Strangely enough, she is not a rare instance. After several years of my pitifully plain and plebeian existence, I've come to be acquainted with numerous variations and specimens of this type. Several of them being educated adults with sufficient potential of their own and making a name for themselves in their respective fields of work. And therefore, you would think, not likely to have to glorify themselves by such a puerile habit. Unfortunately, such reasoning doesn't help when you encounter the complex species that is human. On countless occasions, I have had to bite my lips to prevent myself from vociferating against this inclination, in order to not strain my relationship with these people, often very decent, friendly and kind from every other viewpoint. Hence, the problem remains.

However, the issue is a disturbing one, to me at least. Gone are the days when one needed to provide proof of allegiance to a certain monarch or party or to be of illustrious lineage to claim right to a job or jewel, a possession or position. Nowadays, merit is supposed to be all that counts. I remember the case of Sanjeeb Basak, a boy whose mother worked as seamstress to sponsor his education and their family needs. Our parents were overwhelmed by his dedication and determination and did their best to convey the same to us. We deciphered that it was important to be lauded for earning one's own laurels rather than falling back on the feats of others to gain appreciation in any form. Another case I recall was that of a batchmate of ours in SPHS (let's call her A), who was extremely dark-complexioned, short and painfully thin. A used to avail of the schoolbus in which I travelled and provoked immediate attention by the skimpy and faded navy blue skirt that formed part of her school uniform. In short, she looked poor and plain. But I was touched by the great awe with which a very wealthy male classmate of ours (and who, btw, I was madly in adolescent love with) used to accord to her whenever he referred to her. This was because of her record in academics, which was scintillating. I myself have been at the receiving end of such bizarre difference in treatment when I shifted from MHS to SPHS. At my previous school, most (not all) classmates were from stinking rich families who distributed pencil torches with their ward's name carved on it on her birthday and viewed with disdain commoners like me who received a mere Rs 10 as pocket-money for a school fete or who, along with her sibling, carried a torn and tattered bag to school for several months at a stretch simply because their father lacked the time (not money) to go get them new ones. I felt I had come home when I moved onto SPHS. Everyone respected me only in terms of my academic performance, which was by a great stroke of luck, good. I therefore still consider the latter my true alma mater.

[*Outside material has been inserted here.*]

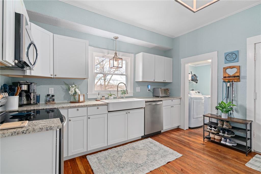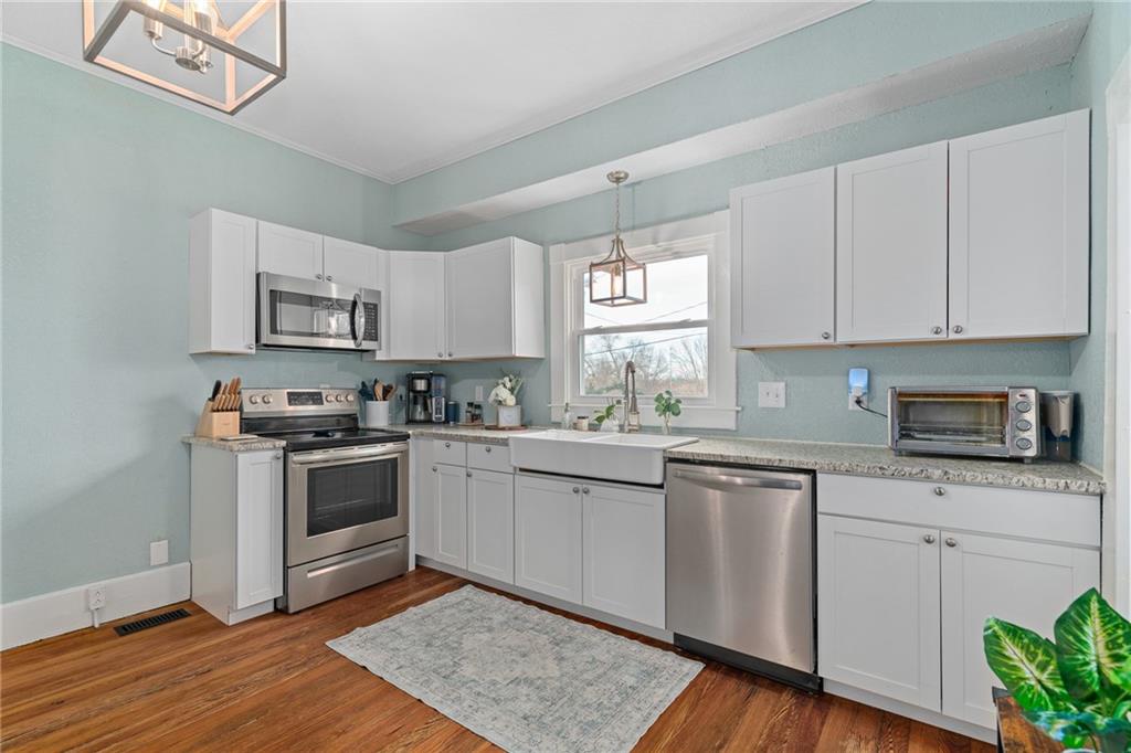 Start the new year in a home that blends classic charm with the comfort of modern updates. This beautifully refreshed ranch was thoughtfully renovated about four years ago, giving buyers the rare combination of character, convenience, and confidence. Major improvements were completed around 2021, including a new roof and gutters, new furnace, new water heater, and updated electrical, removing much of the stress that comes with older homes. Inside, the home feels bright and welcoming with tall ceilings, refinished hardwood floors, and original wood details that add warmth and personality. The updated kitchen features granite countertops, newer cabinets, a farmhouse sink, and stainless steel appliances, creating a space that’s both stylish and functional. A dedicated laundry area sits just off the kitchen for easy everyday living. Both bedrooms offer comfortable space and natural light, and the updated bathroom includes a surprisingly roomy closet. The dining room is perfect for gatherings, complete with a refreshed built-in buffet that adds charm and storage. Outside, enjoy the covered patio and generous yard—ideal for relaxing, grilling, or simply unwinding. To make the move even easier, the seller is including all appliances (washer and dryer too!), a small riding lawn mower, and a one-year home warranty. With its thoughtful updates, included extras, and truly move-in-ready condition, this home is an ideal fit for first-time buyers who want comfort, character, and fewer big-ticket worries.

I diverge. The point is that when someone name-drops, it immediately gives you an impression of the way they perceive people. Not as friends or relatives or good or gifted or graceful. But as of being either potentially useful or useless to themselves in their climb up the socio-economic ladder. These are a different category of snobs. Parasitic and piteous. They thrive on their connections and networks for giving value to their own selves. They measure you in terms of set standards of the branded clothes you buy or the people you disco with or the car you whizz by or the profile of the company you work in and the salary you receive. Neither do they evaluate your intrinsic merit nor do they treasure your integrity as a person. They are too busy dropping names (in all possible ways) of the inside scoop on important things and persons (thanks to their contacts) to bother about such things as possess sterling worth.

I'm not being vitriolic. I really feel sorry for them. I was watching 'Luck By Chance' yesterday and it suddenly struck me that the Greek concept of 'Anagnorisis' still holds water. Only, some people are too busy and un-blessed to attain it. In time.